Atmospheric Sciences and Meteorology

Researchers at Gobabeb have access to the huge gravel plains as well as the sand sea, far away from anthropogenic sources. Thus Gobabeb is an outstanding location for various atmospheric studies. Basic meteorological data have been recorded since the beginning of research at Gobabeb 50 years ago. Various meteorological research activities have taken place since then. The wind driven dunes were investigated, the fog harvest by grass and beetles was measured, the precipitation in the gravel plains is measured, trace gas measurements are performed and meteorological stations have been operated in the gravel plains and dunes for years in local and international research programs. Since 1962, Gobabeb has been a first order weather station that provides synoptic (i.e. standard weather data) as well as climatologic data at the standard defined by the World Meteorological Organization (WMO). Both datasets are fed into the operational global weather network. Currently the Gobabeb station measures the following parameters: pressure, temperature (min, max), humidity, rainfall, soil temperature at four levels, soil moisture, leaf wetness, evapo-transpiration, solar radiation, sunshine duration, wind speed and direction and horizontal visibility.

Since 1997, Gobabeb has been taking air samples for shipping to National Oceanographic and Atmospheric Administration (NOAA) where they are analysed for CO2 content. Despite the isolation of Gobabeb, the atmospheric CO2 content parallels that of the global measurements. These measurements continue although a gap of five years caused by 9/11 mars the overall data set.

Gobabeb is one of four globally unique validation sites for surface parameters derived from satellites since 2007. The location at the homogeneous gravel plains allows the validation of data derived from large (several km) pixels. Land Surface Temperature is the primary parameter of the validation activities. Albedo (i.e. how “white” is the surface) and the down welling solar and thermal radiance were added recently. The validation is operated by KIT (Karlsruhe Institute of Technology, Folke Olesen). The evaluation is funded by EUMETSAT.

Since 2009, micrometeorological measurements have been carried out by the University of Basel (Roland Vogt), investigating surface energy balance and turbulent and exchange processes . How is net radiation partitioned into soil heat flux, sensible and latent heat? The latter two, the turbulent heat fluxes, are measured directly using an eddycovariance setup. Furthermore, CO2 fluxes are detected with the same method. More information can be found here.

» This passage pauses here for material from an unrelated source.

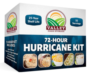 The Valley Food Storage 72-Hour Hurricane Emergency Food Kit provides you with 1,800 calories per day for 3 days. Whether you're evacuating or sheltering during hurricane season you'll be supplied with great-tasting and ready-made food you can count on with this 72-hour hurricane food kit, where quality always comes first.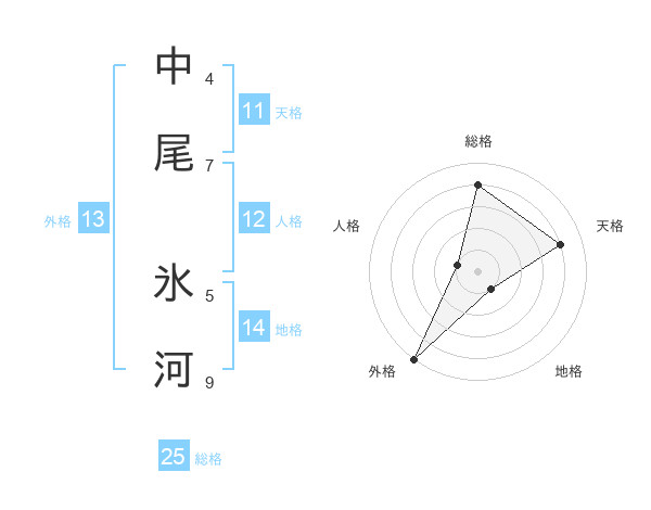 中尾 氷河さんを姓名の画数から五運を鑑定

In 2012 a Baseline Surface Radiation Network (BSRN) station was set up, measuring shortwave and long wave radiance components. The about 50 globally distributed BSRN stations represents the top level standard of atmospheric radiation measurements and Gobabeb is one of the very few desert stations worldwide. The station was set up as a joint activity of the University of Basel, Gobabeb and KIT.

In 2011 Gobabeb’s atmospheric research efforts were bolstered by a project to measure precision trace gases, implemented by the Max Planck Institute, Jena. This project has created a remote, near-continuous, low maintenance measuring station in Gobabeb, to measure CO2, CH4, N2O, CO and O2/N2 at 21 m.a.g.l at the Namib Desert Atmospheric Observatory (NDAO).

In 2013 Gobabeb and partners launched the project FogNet, an international, BMBF-funded project within the SASSCAL (Southern African Science Service Centre for Climate Change and Adaptive Land Management) initiative. According to some climate models it is possible that a warming of the Benguela Current would cause a dramatic reduction in the production of fog which may have negative impacts on the entire, unique Namib ecosystem. FogNet is designed to study the spatial distribution of fog and comprises nine meteorological stations arranged in two transect arrays, one E-W and one N-S, which respectively cover the main coast-inland fog gradient and the 500m amsl contour where fog precipitation should be high.

To understand how fog isotopic composition changes (δ18O, δ17O and δ2H) with distance from the ocean (west-east gradient) and their temporal patterns, Dr. Lixin Wang's group at Indiana University-Purdue University Indianapolis (IUPUI) started utilizing FogNet infrastructure to collect fog water at all the collecting stations for isotope analyses.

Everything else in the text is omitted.